Start of Excerpted records
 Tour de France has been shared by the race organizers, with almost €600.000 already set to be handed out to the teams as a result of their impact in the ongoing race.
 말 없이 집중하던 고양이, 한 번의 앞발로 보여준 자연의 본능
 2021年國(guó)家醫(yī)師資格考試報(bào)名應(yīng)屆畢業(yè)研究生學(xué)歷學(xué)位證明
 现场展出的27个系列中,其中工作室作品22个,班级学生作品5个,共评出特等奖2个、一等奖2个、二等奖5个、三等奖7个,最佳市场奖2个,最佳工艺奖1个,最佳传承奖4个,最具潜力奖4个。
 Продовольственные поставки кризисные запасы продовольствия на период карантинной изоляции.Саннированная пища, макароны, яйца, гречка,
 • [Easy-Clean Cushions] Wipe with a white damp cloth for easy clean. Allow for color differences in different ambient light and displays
End of Excerpted records
Start of Excerpted records
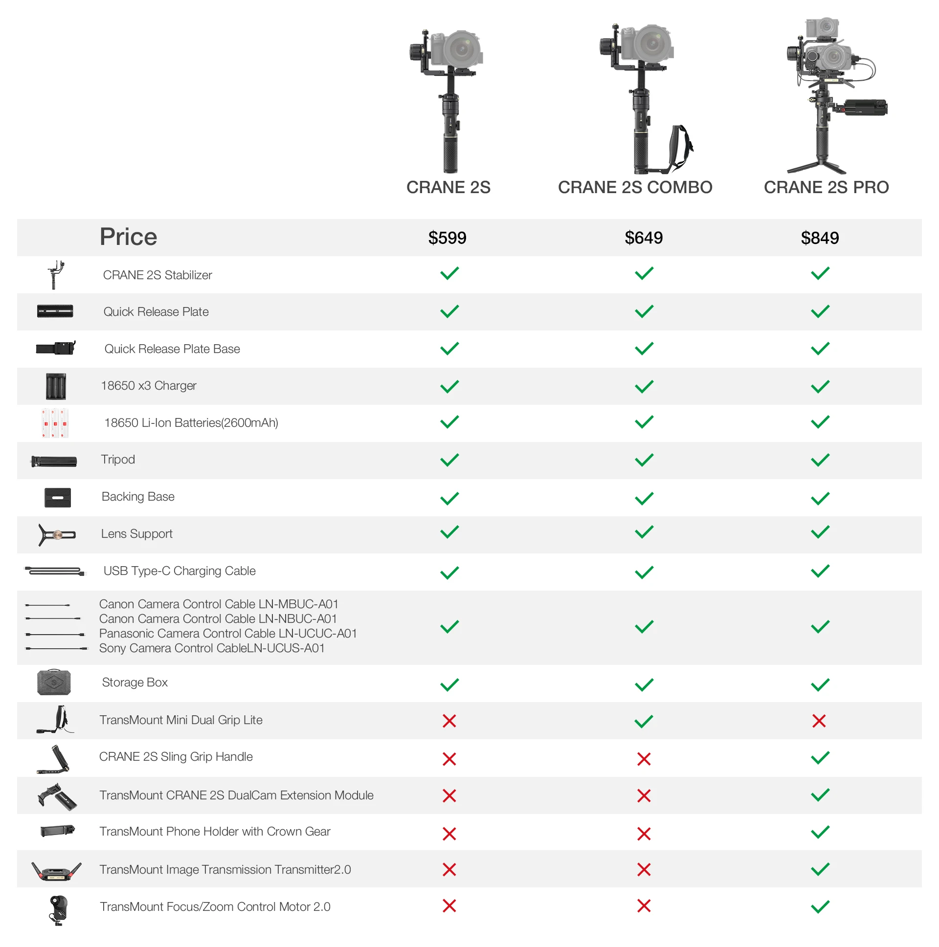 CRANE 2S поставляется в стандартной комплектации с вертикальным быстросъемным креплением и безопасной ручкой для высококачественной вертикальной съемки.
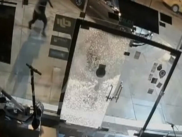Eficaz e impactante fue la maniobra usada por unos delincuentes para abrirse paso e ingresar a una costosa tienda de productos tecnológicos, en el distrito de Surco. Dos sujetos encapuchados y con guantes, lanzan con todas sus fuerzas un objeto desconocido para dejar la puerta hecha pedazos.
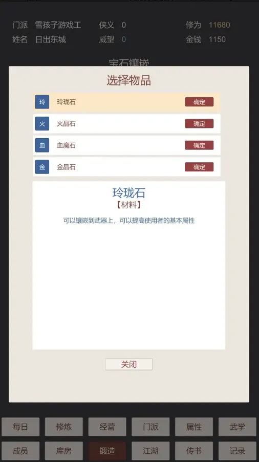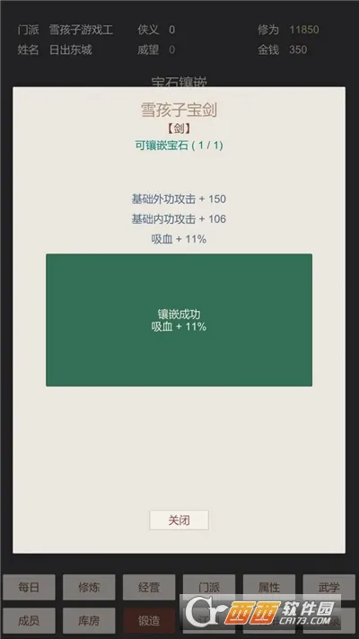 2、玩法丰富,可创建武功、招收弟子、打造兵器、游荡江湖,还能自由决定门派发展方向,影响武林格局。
End of Excerpted records
• [Problem details]
Every line that contains the string "with" should be returned from the data.

• [Response to the exercise]
 Tour de France has been shared by the race organizers, with almost €600.000 already set to be handed out to the teams as a result of their impact in the ongoing race.
 • [Easy-Clean Cushions] Wipe with a white damp cloth for easy clean. Allow for color differences in different ambient light and displays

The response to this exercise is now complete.